Final
- Champion: Jo-Wilfried Tsonga
- Runner-up: Juan Martín del Potro
- Score: 6–7^{(5–7)}, 6–3, 6–4

Details
- Draw: 28
- Seeds: 8

Events
| Singles | Doubles |
- ← 2010 · Vienna Open · 2012 →

= 2011 Erste Bank Open – Singles =

Jo-Wilfried Tsonga defeated Juan Martín del Potro in the final, 6–7^{(5–7)}, 6–3, 6–4 to win the singles tennis title at the 2011 Vienna Open.

Jürgen Melzer was the two-time defending champion, but lost to Kevin Anderson in the quarterfinals.

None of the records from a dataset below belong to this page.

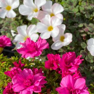 上 Oxalis sp.JL331 下 Oxalis glabra double pink 今日も穏やかな お天気のお正月です。 紅白のお花🌸 今年は大鉢で いっぱい咲いてくれました🥰 どちらも大好きです❤️
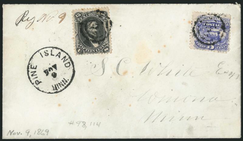 1571 c Image15c Black, F. Grill (98). Used with 3c Ultramarine (114), 15c tied by and 3c cancelled by target, matching "Pine Island Minn. Nov. 9" circular datestamp on registered cover to Winona Minn., manuscript registry notation at top, 15c stamp with small ink erosion hole at top, few scattered toned spots, appears Fine, scarce combination of stamps, Scott Retail for No. 98 on cover (Image)
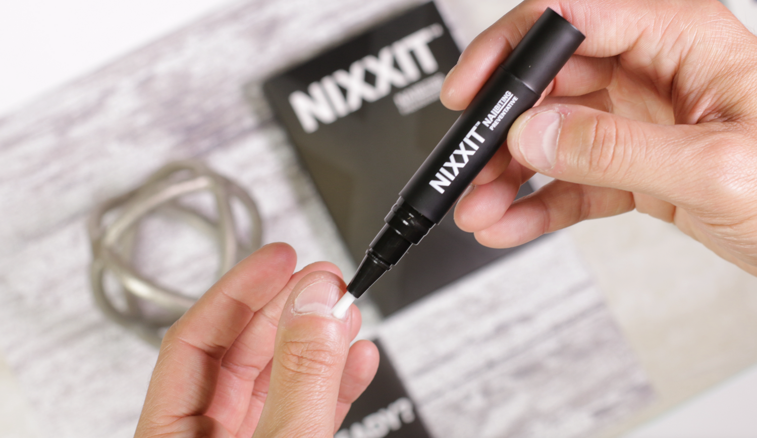 Nope. NIXXIT is completely invisible when applied and doesn’t leave any glossy finish. It dries quickly and has no nail polish remover scent — just a bitter taste designed to stop the habit without embarrassment.
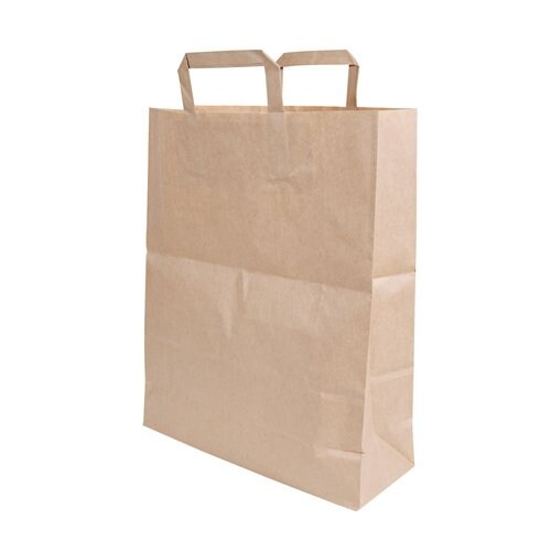 Tragetasche aus Papier, braun, 26 x 17 x 25 cm Flachhenkel innen, 70gr./m² Kraftpapier, 250 Stück
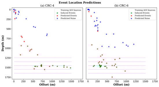 Predictions of event and noise locations for data from slightly deviated (a) CRC-4 and (b) CRC-6 wells. Green stars represent the actual locations of induced events relative to the well positioned at zero offset.
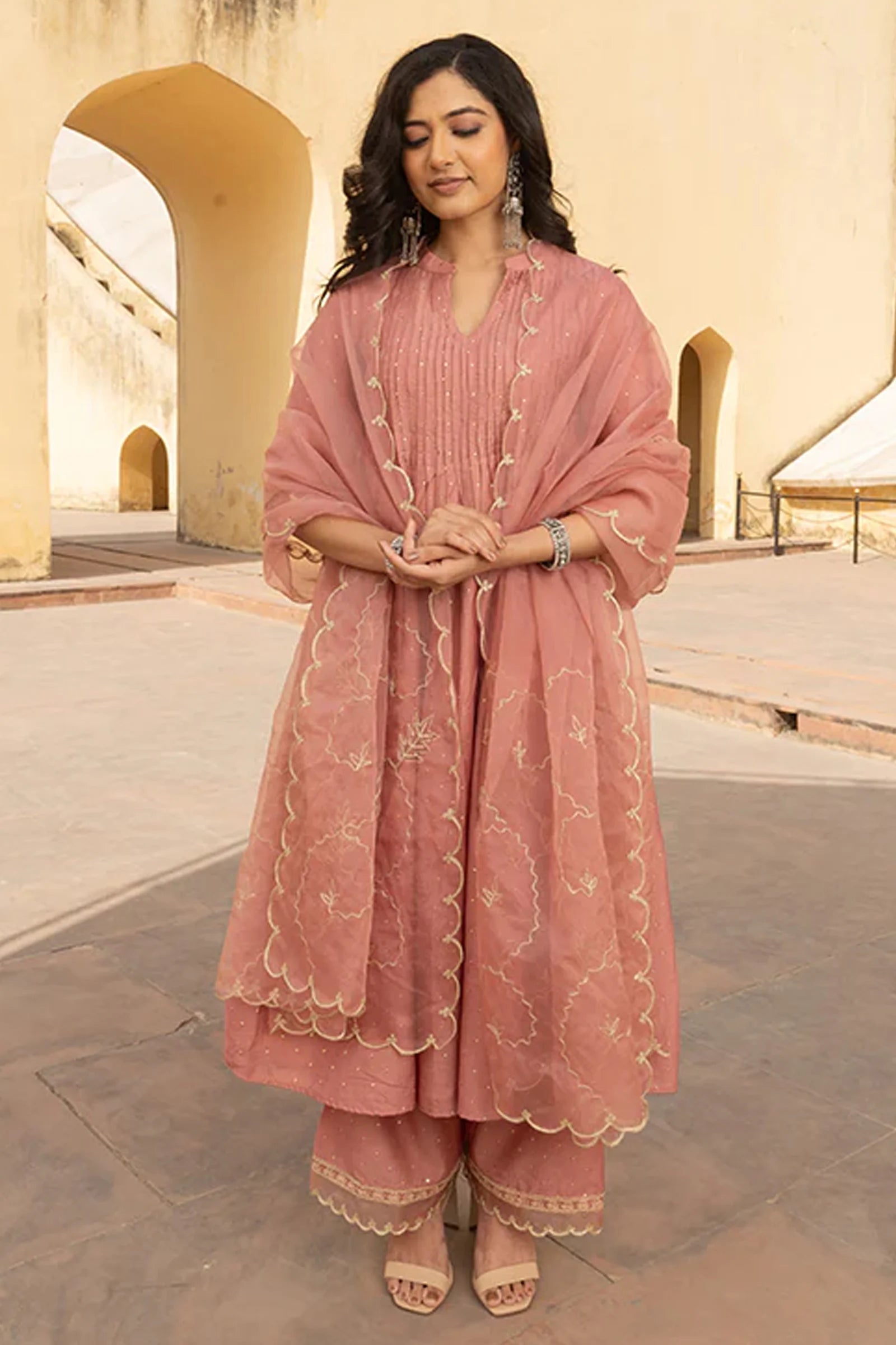 1. Old Rose Chanderi Mukaish Work Pintuck Kurta Set

This tournament marked the final professional appearance of former world No. 1 and 1995 French Open champion Thomas Muster; he lost in the first round to Dominic Thiem.

==Seeds==
The top four seeds receive a bye into the second round.

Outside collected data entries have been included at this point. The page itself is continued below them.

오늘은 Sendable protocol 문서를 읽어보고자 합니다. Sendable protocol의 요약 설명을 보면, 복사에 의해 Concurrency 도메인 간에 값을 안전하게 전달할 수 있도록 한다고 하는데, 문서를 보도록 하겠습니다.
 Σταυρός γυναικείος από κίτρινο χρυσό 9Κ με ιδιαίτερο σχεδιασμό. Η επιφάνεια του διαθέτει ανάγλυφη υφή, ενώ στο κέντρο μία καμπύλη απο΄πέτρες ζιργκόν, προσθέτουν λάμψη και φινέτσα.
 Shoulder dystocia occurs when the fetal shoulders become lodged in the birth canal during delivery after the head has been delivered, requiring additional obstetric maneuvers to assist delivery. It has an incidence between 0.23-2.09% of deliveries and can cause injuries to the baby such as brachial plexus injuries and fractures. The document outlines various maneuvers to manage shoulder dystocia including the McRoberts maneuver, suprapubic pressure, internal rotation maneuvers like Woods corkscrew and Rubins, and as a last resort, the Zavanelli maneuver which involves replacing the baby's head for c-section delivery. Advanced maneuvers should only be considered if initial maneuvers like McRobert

1. FRA Jo-Wilfried Tsonga (champion)
2. ARG Juan Martín del Potro (final)
3. AUT Jürgen Melzer (quarterfinals)
4. CZE Radek Štěpánek (second round)
5. ARG Juan Ignacio Chela (first round)
6. RSA Kevin Anderson (semifinals)
7. RUS Nikolay Davydenko (first round)
8. ITA Fabio Fognini (second round)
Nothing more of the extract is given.